Task statement: Transcribe all data verbatim. Skip the pictures.

Segment Start: Data records

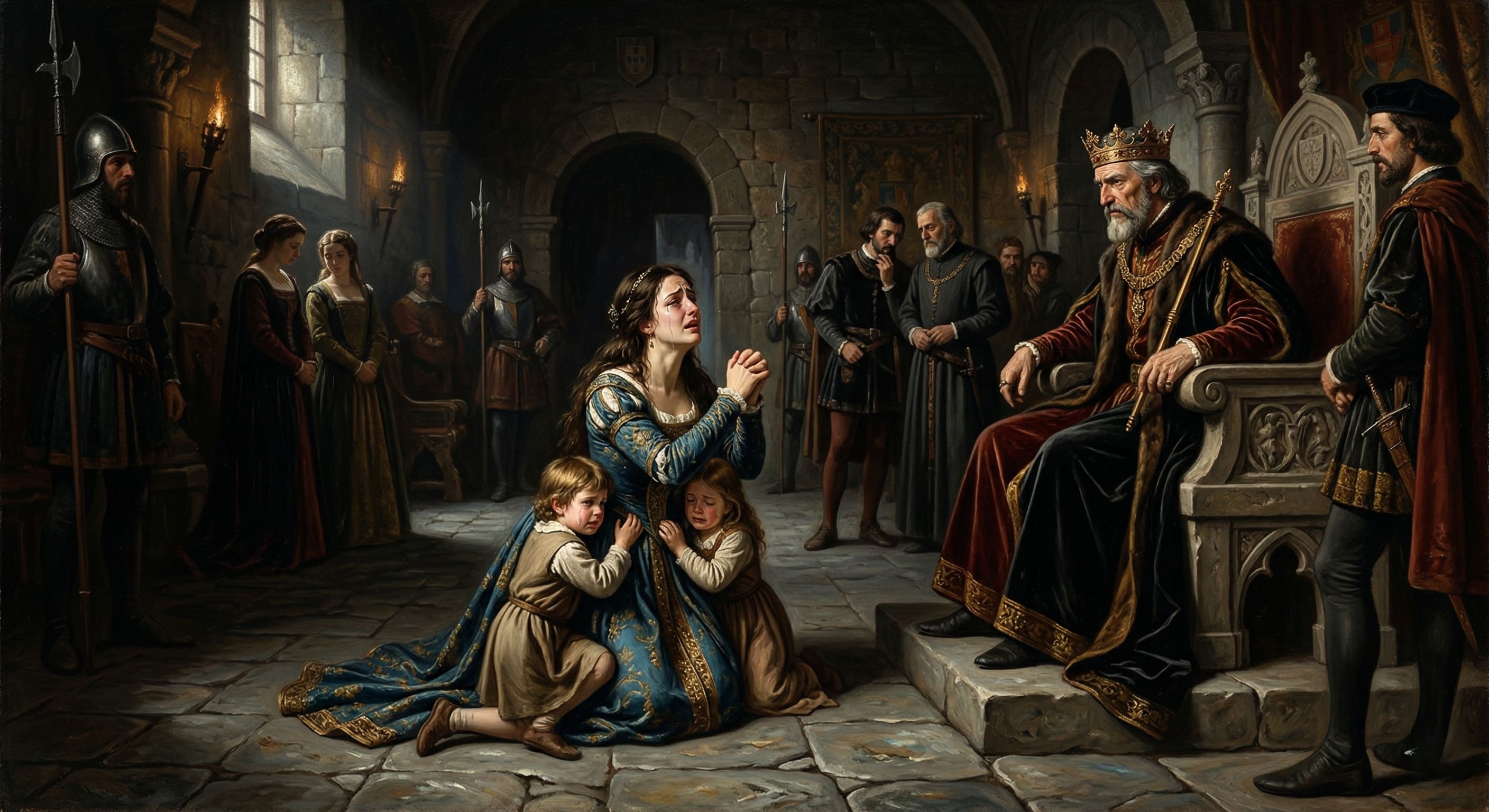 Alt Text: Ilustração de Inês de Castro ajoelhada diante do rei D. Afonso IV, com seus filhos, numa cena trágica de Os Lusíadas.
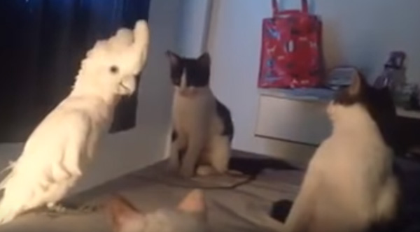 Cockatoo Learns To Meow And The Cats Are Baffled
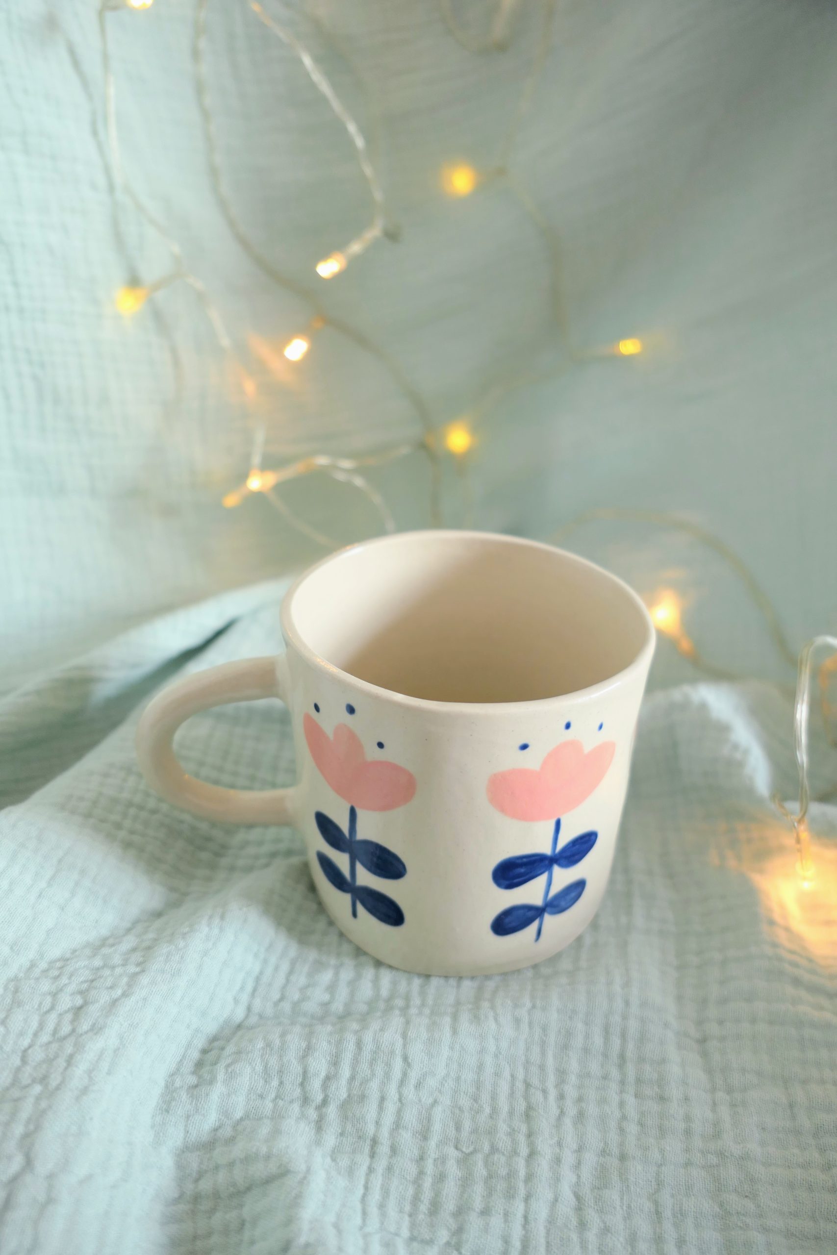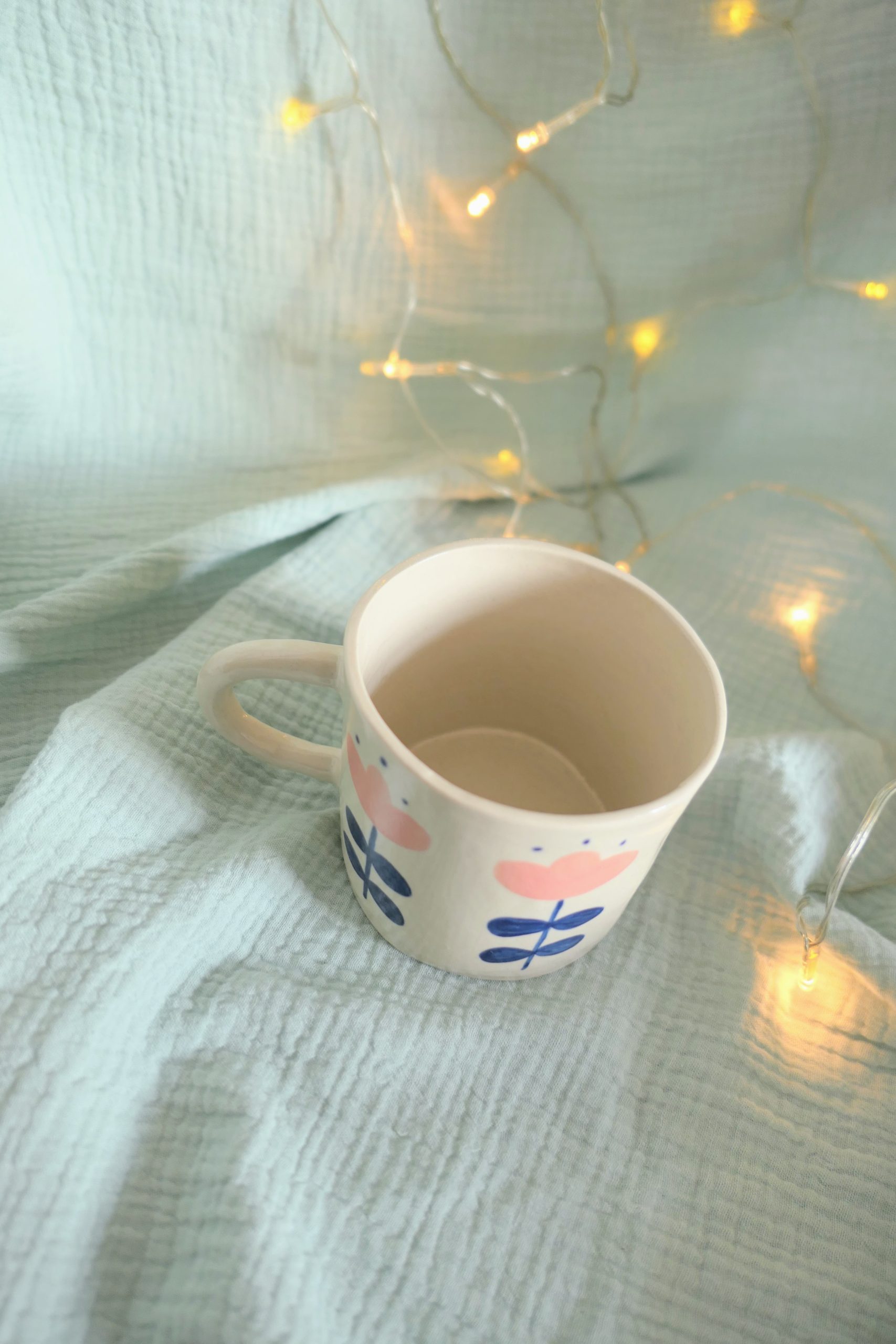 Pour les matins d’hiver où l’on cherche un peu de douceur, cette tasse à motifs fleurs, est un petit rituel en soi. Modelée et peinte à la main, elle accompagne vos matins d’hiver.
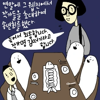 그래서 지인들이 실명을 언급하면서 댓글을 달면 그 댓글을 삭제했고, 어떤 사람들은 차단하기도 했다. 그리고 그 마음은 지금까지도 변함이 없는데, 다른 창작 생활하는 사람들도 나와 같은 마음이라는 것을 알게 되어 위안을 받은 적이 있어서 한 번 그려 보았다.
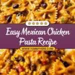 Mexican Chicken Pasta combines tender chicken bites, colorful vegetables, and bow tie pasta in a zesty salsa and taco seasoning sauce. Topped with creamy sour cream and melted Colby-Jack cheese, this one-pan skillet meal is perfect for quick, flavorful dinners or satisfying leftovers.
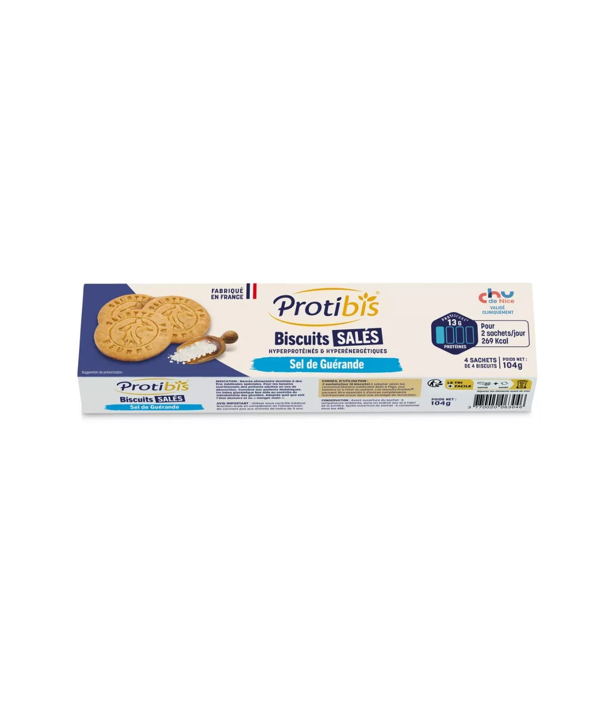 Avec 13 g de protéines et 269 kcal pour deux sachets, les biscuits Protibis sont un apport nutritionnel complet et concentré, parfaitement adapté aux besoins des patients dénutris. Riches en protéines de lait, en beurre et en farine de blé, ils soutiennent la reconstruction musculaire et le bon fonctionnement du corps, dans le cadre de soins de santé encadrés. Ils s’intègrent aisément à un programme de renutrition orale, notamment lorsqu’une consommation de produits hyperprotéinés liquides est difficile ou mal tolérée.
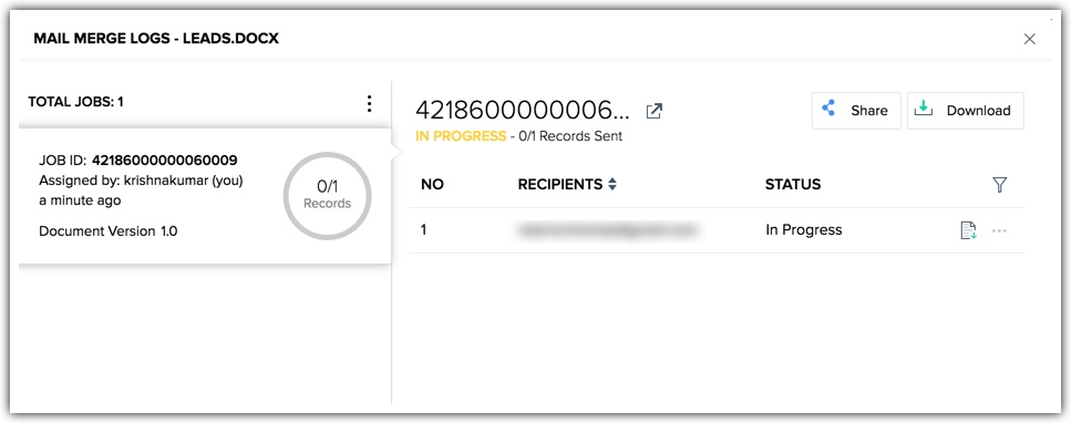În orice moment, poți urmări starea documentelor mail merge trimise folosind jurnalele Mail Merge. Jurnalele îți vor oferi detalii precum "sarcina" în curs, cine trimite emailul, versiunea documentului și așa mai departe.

Segment End: Data records

Problem solution:
 Alt Text: Ilustração de Inês de Castro ajoelhada diante do rei D. Afonso IV, com seus filhos, numa cena trágica de Os Lusíadas.
 Cockatoo Learns To Meow And The Cats Are Baffled
 Pour les matins d’hiver où l’on cherche un peu de douceur, cette tasse à motifs fleurs, est un petit rituel en soi. Modelée et peinte à la main, elle accompagne vos matins d’hiver.
 그래서 지인들이 실명을 언급하면서 댓글을 달면 그 댓글을 삭제했고, 어떤 사람들은 차단하기도 했다. 그리고 그 마음은 지금까지도 변함이 없는데, 다른 창작 생활하는 사람들도 나와 같은 마음이라는 것을 알게 되어 위안을 받은 적이 있어서 한 번 그려 보았다.
 Mexican Chicken Pasta combines tender chicken bites, colorful vegetables, and bow tie pasta in a zesty salsa and taco seasoning sauce. Topped with creamy sour cream and melted Colby-Jack cheese, this one-pan skillet meal is perfect for quick, flavorful dinners or satisfying leftovers.
 Avec 13 g de protéines et 269 kcal pour deux sachets, les biscuits Protibis sont un apport nutritionnel complet et concentré, parfaitement adapté aux besoins des patients dénutris. Riches en protéines de lait, en beurre et en farine de blé, ils soutiennent la reconstruction musculaire et le bon fonctionnement du corps, dans le cadre de soins de santé encadrés. Ils s’intègrent aisément à un programme de renutrition orale, notamment lorsqu’une consommation de produits hyperprotéinés liquides est difficile ou mal tolérée.
În orice moment, poți urmări starea documentelor mail merge trimise folosind jurnalele Mail Merge. Jurnalele îți vor oferi detalii precum "sarcina" în curs, cine trimite emailul, versiunea documentului și așa mai departe.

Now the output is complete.